▸ What you are asked to do:
Extract the records below word for word and ignore the images.

(The data)

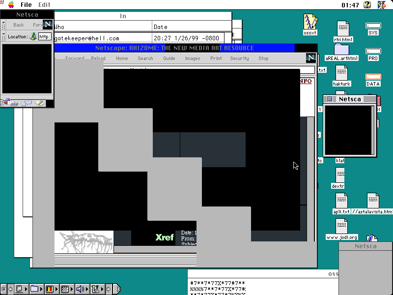 wwwwwwwww.jodi.org, asdfg.jodi.org, and oss.jodi.org, by JODI
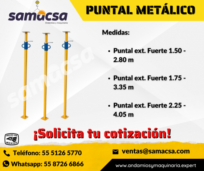 Puntal de alta resistencia y alta calidad que certifica y garantiza su funcionalidad y capacidad de carga
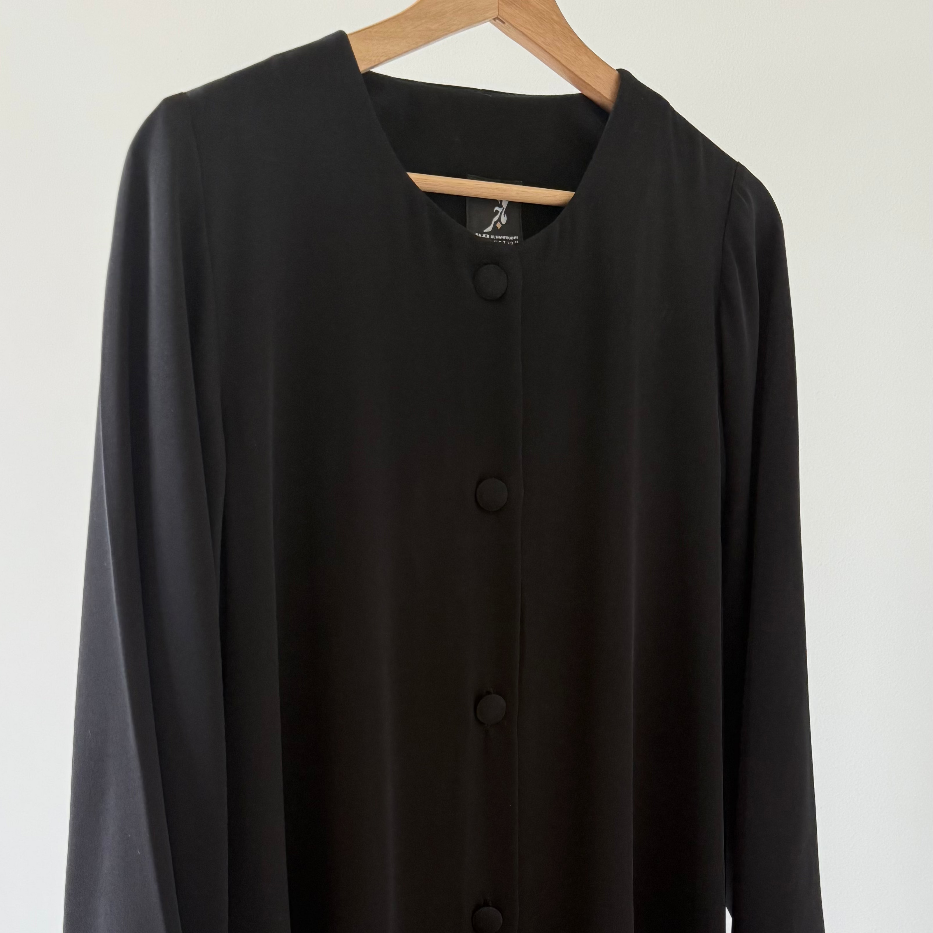 عباية يومية بنمط مورق ، لون أسود بقصة البشت ، Daily black leaves pattern bisht style cut abaya.
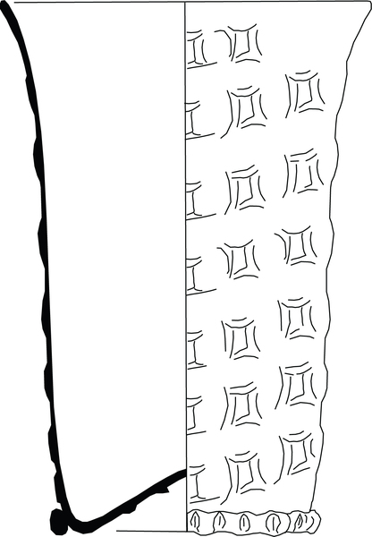 | 4b | cilindrische of licht conische beker met wafelpatroon, uitstaande (a) of rechte (b) lip opgestoken bodem met pontilmerk, voetring |
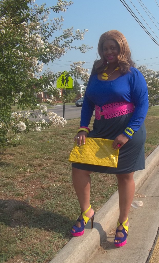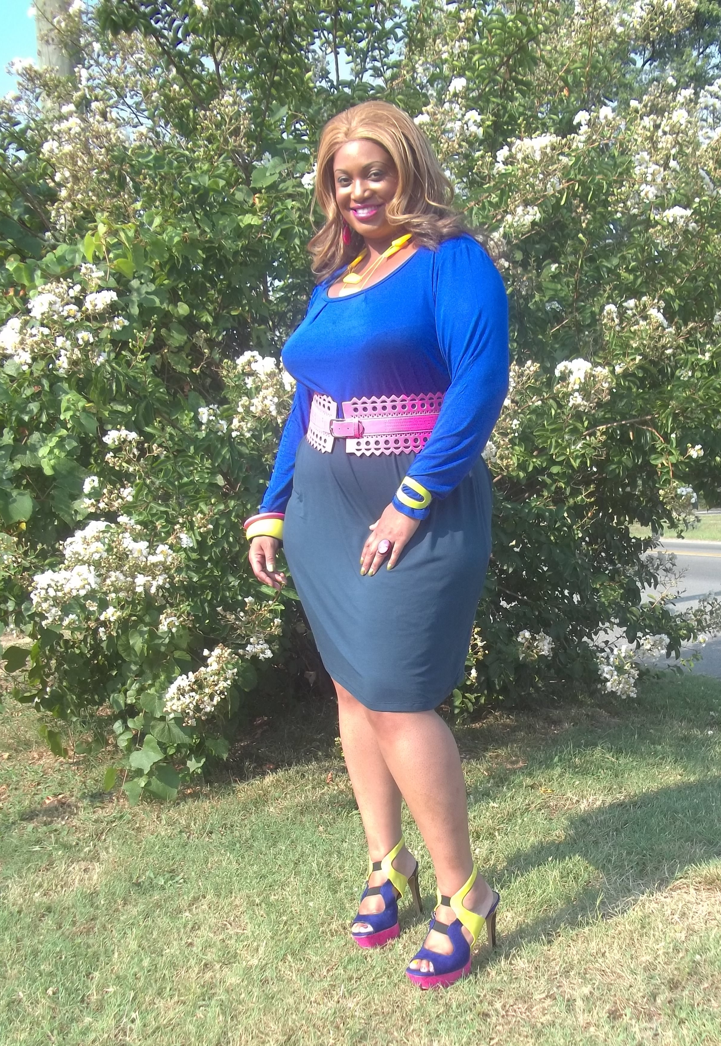 My dress takes on the color blocking theme too as it is deep purplish-blue at the top and like a slate grey on the bottom. At first I didn’t think that I would be able to pull off this dress and the shoes together but for one, I couldn’t wait another day to wear these shoes, and two, I figured once I added my jewelry it would all blend together. Not bad if I must say so myself. In the pics it’s not that noticeable that the top of the dress and shoes are not exactly the same shade of purple. The reviews of this dress on the HSN website are horrible but I don’t have any complaints. It’s a thin jersey material so it kept me cool on this 100 degree day. That’s why I seldom go by reviews. Some customers are just so hard to please and picky. Plus after snagging it for the sale price of only seven bucks I can’t complain!

(End The data)

▸ Exercise answer:
 wwwwwwwww.jodi.org, asdfg.jodi.org, and oss.jodi.org, by JODI
 Puntal de alta resistencia y alta calidad que certifica y garantiza su funcionalidad y capacidad de carga
 عباية يومية بنمط مورق ، لون أسود بقصة البشت ، Daily black leaves pattern bisht style cut abaya.
 | 4b | cilindrische of licht conische beker met wafelpatroon, uitstaande (a) of rechte (b) lip opgestoken bodem met pontilmerk, voetring |
 My dress takes on the color blocking theme too as it is deep purplish-blue at the top and like a slate grey on the bottom. At first I didn’t think that I would be able to pull off this dress and the shoes together but for one, I couldn’t wait another day to wear these shoes, and two, I figured once I added my jewelry it would all blend together. Not bad if I must say so myself. In the pics it’s not that noticeable that the top of the dress and shoes are not exactly the same shade of purple. The reviews of this dress on the HSN website are horrible but I don’t have any complaints. It’s a thin jersey material so it kept me cool on this 100 degree day. That’s why I seldom go by reviews. Some customers are just so hard to please and picky. Plus after snagging it for the sale price of only seven bucks I can’t complain!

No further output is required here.